Jumping from historical records to personal experience, I was taught from a very early age not to express my anger. My father was the holder of the anger in my family. The rest of us were afraid of his rage. This fear in myself was so ingrained and unconscious that it took years of counseling for me to finally uncover this new source of power within myself. The first time I tried to get in touch with my anger and express it in some useful way, I instead found myself breathless and confused.

Did I have the courage or the right to express so much pent up rage from decades of standing by while others, usually men, raged on?

Granted, we boomers have lived in a time of transition from traditional female definitions of success to modern independence. Traditionally marriage was a time to celebrate female success. This meant that the woman could now fulfill the proper role of mother and helpmate to her husband. He was the head of the family. and she was the helper who worked to promote her husband’s success.

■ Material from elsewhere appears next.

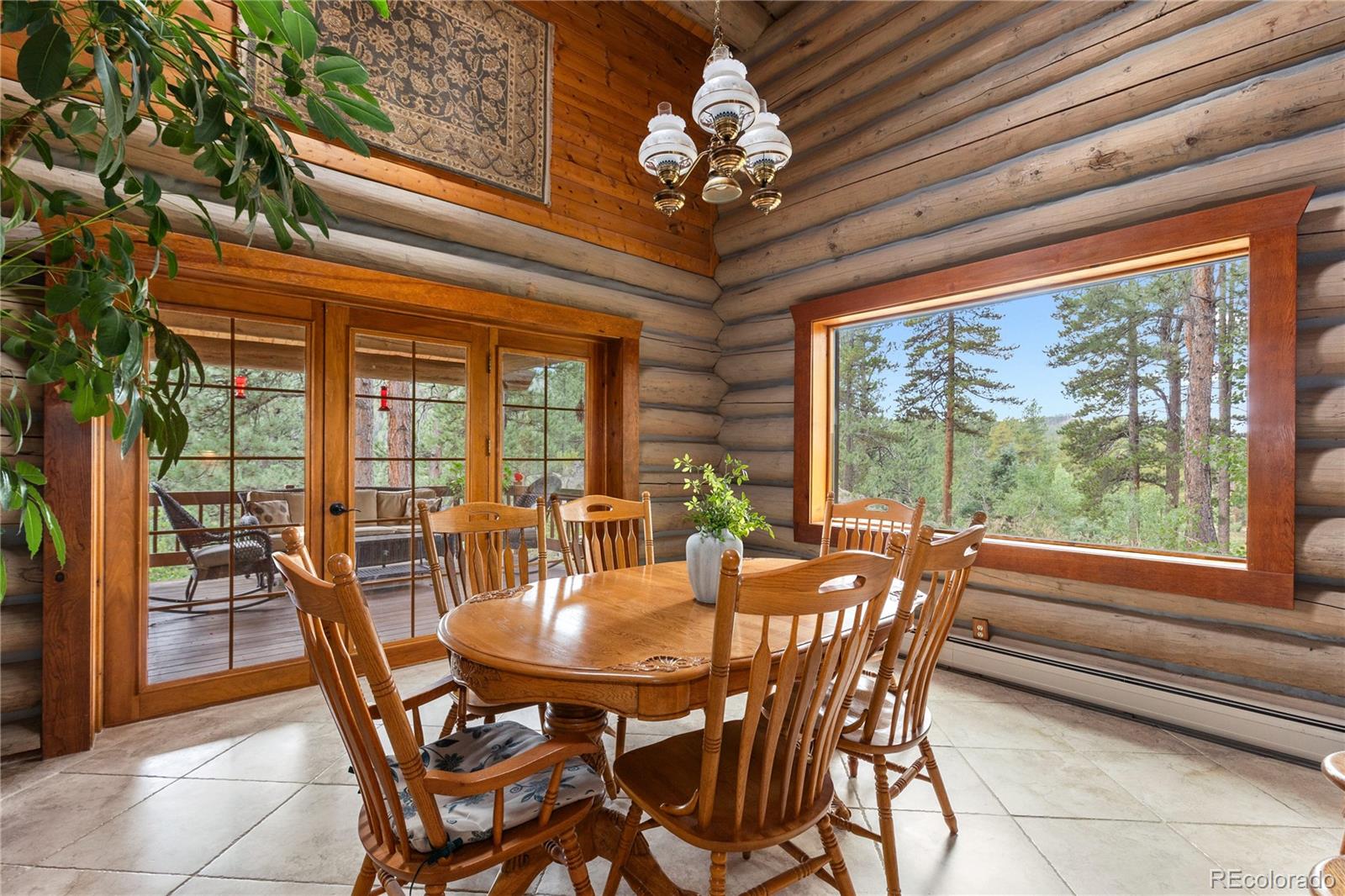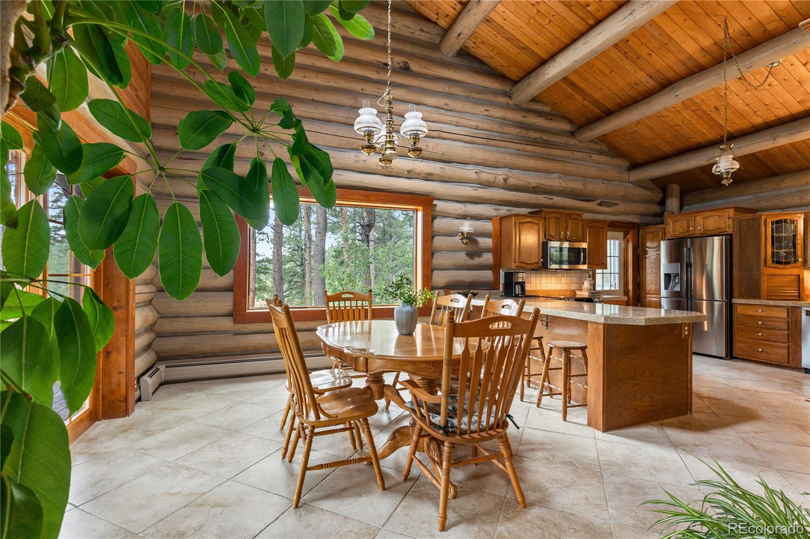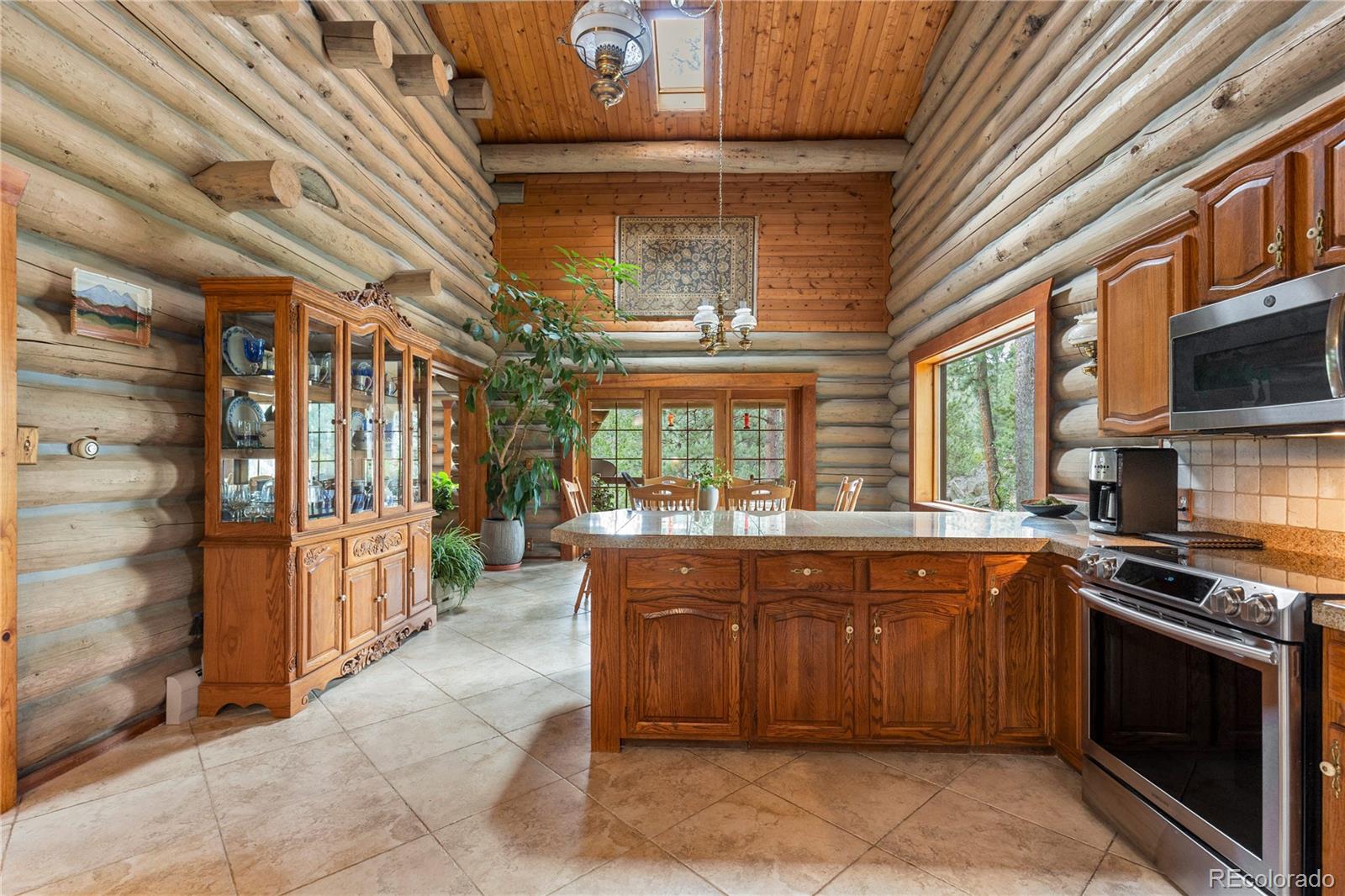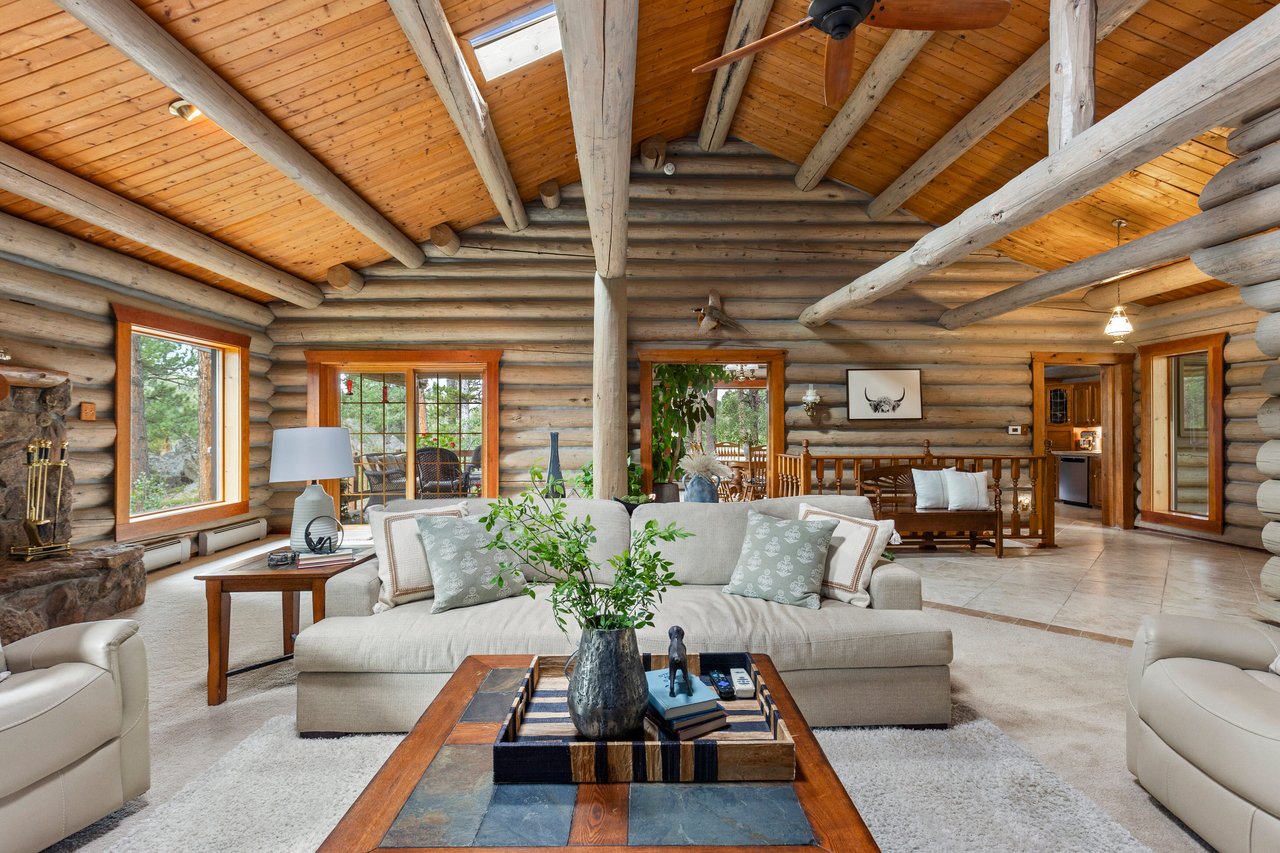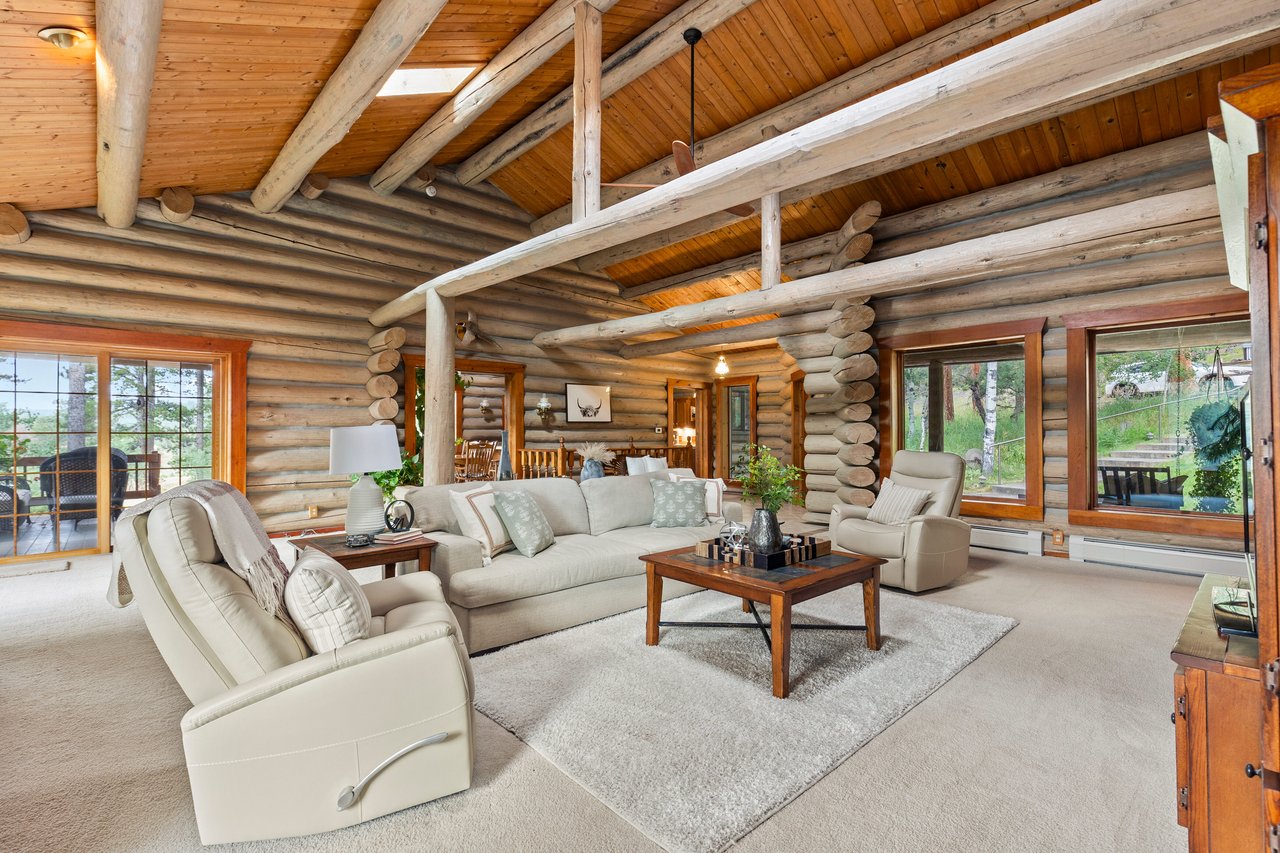 The main level boasts soaring ceilings, large windows, and skylights that flood the home with natural light and showcase the surrounding scenery. A spacious kitchen with dining area and patio access makes entertaining easy, while the open floor plan highlights the home's warmth and functionality.

But since I had no desire to marry at an early age and fulfill this traditional role, where did I fit in? I spent a lifetime figuring this out for myself. In the meantime, I slowly learned through excellent counseling to appreciate and express a full range of emotions, even anger. But I find most women of my age still fear expressing any emotion close to anger.

When we feel anger, it comes from a place deep inside of us whose purpose is to protect us from outside aggression or danger. It tells us when our bodies and minds are threatened and then tells us to react to protect ourselves. Historically women had no way to protect themselves from male aggression or anger, but today we do. I can highly recommend using it.

I LOVE this response to this post! Read the whole comment below:

“The day we stop needing the approval of those around us is the day we take our power back and are free to express the full range of emotions we have. Thanks for this post – it’s very supportive.”    – Gilly 

15 thoughts on “‘Courage in women is often mistaken for insanity…’ and so is anger!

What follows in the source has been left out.